Beneficiaries inheriting a life insurance payout don’t usually have to pay income taxes, but the amount of the death benefit that is inherited could be subject to estate or inheritance taxes depending on the size of your estate and what type of policy you have. You can reduce the risk of your loved ones having to pay estate or inheritance taxes by naming beneficiaries other than yourself, and by setting up a trust to own your life insurance.

Prudential Financial and its representatives do not provide legal or tax advice. Please consult your tax or legal advisor for individual situations. This reference guide provides general information only. Massachusetts Mutual Life Insurance Company, its subsidiaries and affiliated financial professionals do not offer legal or tax advice. This material is intended to provide general background only.

It’s flexible

There are many different types of life insurance policies, each with its own advantages and disadvantages. Some are very straightforward, while others offer more flexibility and potential for cash accumulation. For example, whole life insurance can build up a cash value component that grows at a guaranteed rate. It can also include flexible premium payments and death benefits, although you may need to pay for additional costs, such as medical underwriting and charges. Another option is variable universal life, which allows you to change your premium payments and death benefit, within certain limits.
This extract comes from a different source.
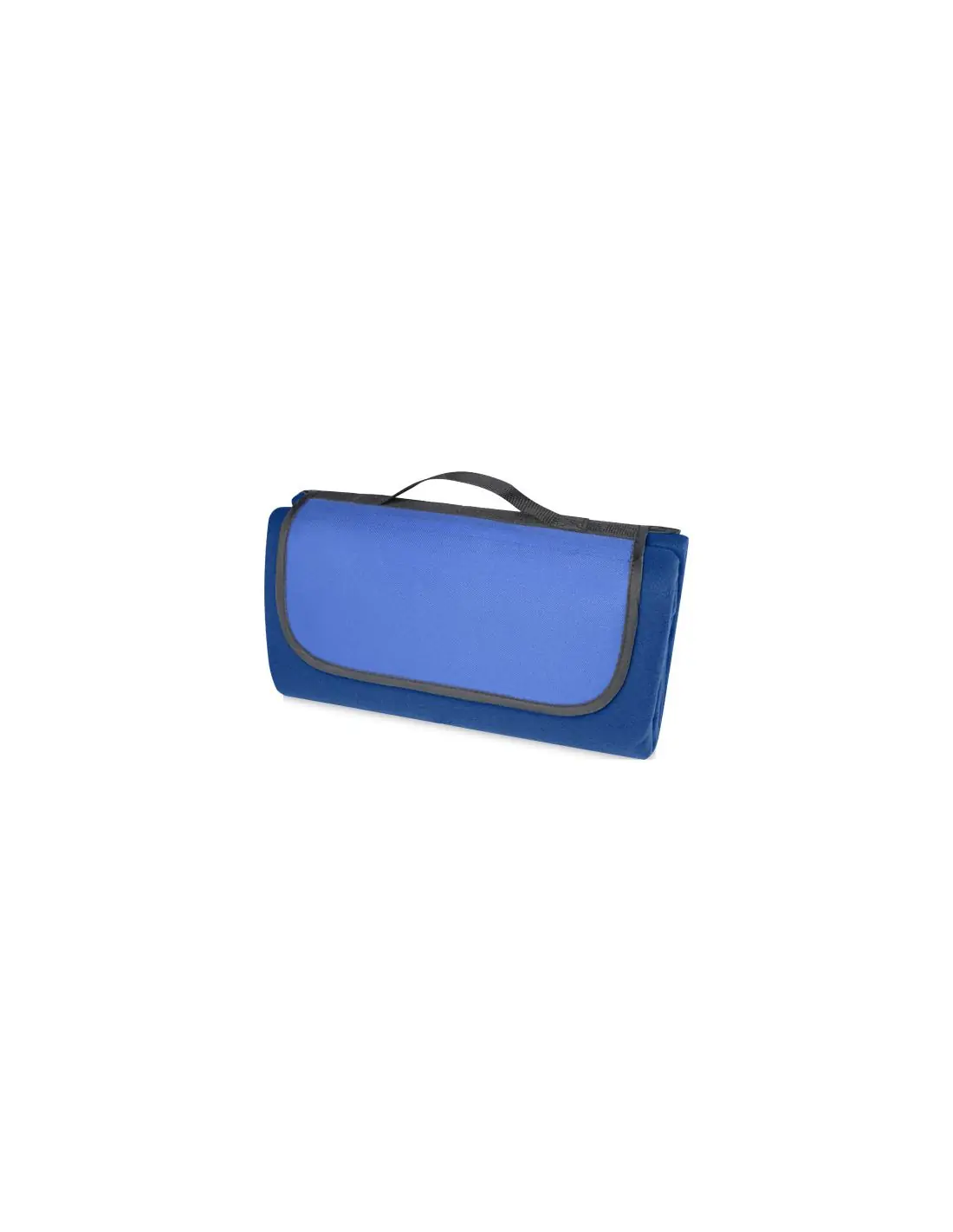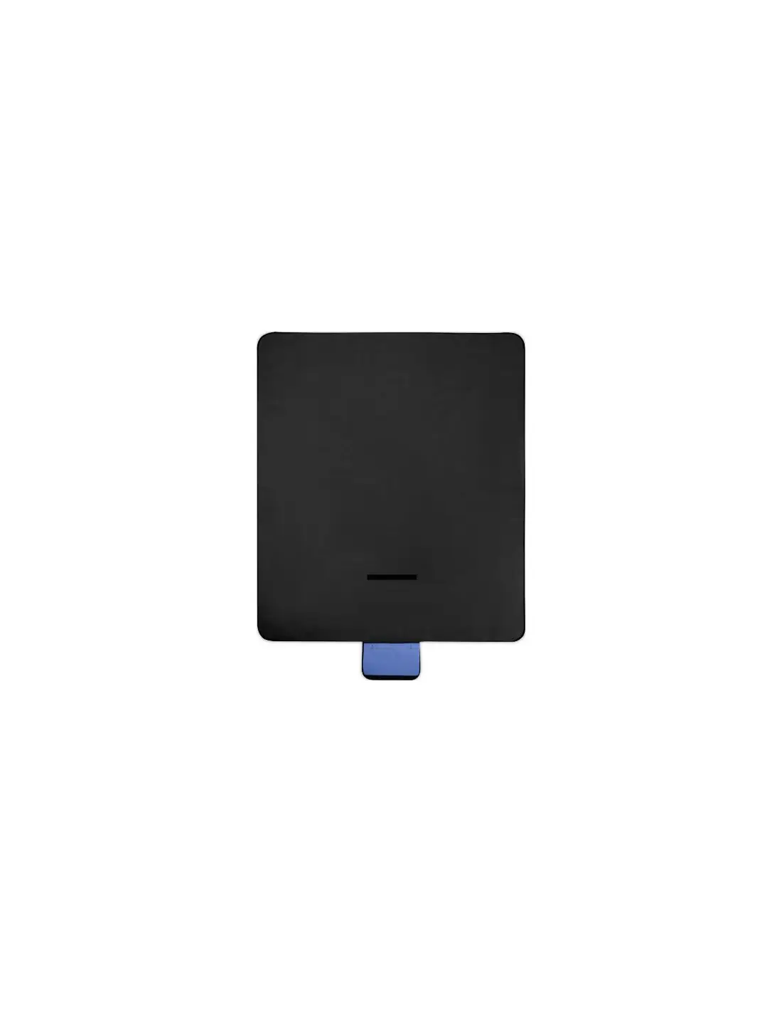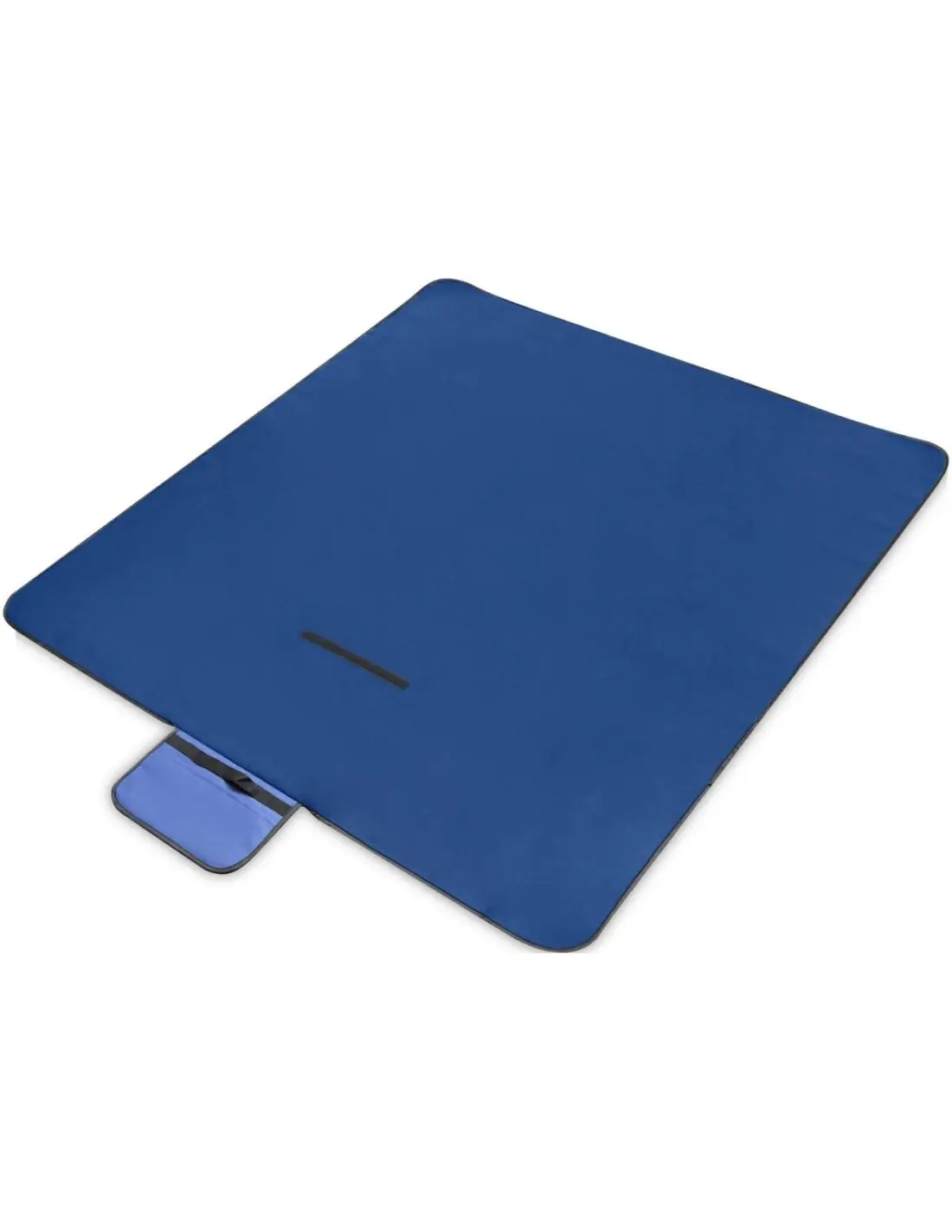 Manta para pícnic resistente al agua de 140 g/m² fabricada con plástico PET reciclado. Una vez plegada y fijada, la manta es fácil de guardar y transportar con el asa de transporte incluida.

The type of life insurance you choose will depend on your goals and needs. Ideally, it should cover all the expenses that will be left behind when you die. These expenses may include debts, mortgage and children’s education. You can calculate your needs by adding up all the things you want to be paid for in the event of your death and subtracting any savings you have, as well as the income that you are expected to generate from other sources.

It is important to conduct a regular review of your life insurance policy. This is especially true after major life events, such as a divorce, birth, or job loss. It is also a good idea to check the names and contact information of your beneficiaries to make sure they are still correct.

If you need a larger death benefit, you can buy additional life insurance coverage. This is known as a paid-up addition (PUA). You can purchase this by using the proceeds from your dividends, which earn interest at a specified rate. However, you must remember that outstanding loans will reduce the death benefit.

You can also borrow against your policy’s cash value. This is an excellent option if you need the money for an emergency expense or to fund your retirement. However, be careful, as you will have to repay the loan plus the interest. In the event of a default, the insurer will deduct the outstanding loan balance from your death benefit.

You can also purchase a split-dollar life insurance policy, which provides flexibility to choose beneficiaries from a list of options. In addition to the standard beneficiary option, you can also name a contingent beneficiary, who will receive your death benefit if the primary beneficiary passes away before you do.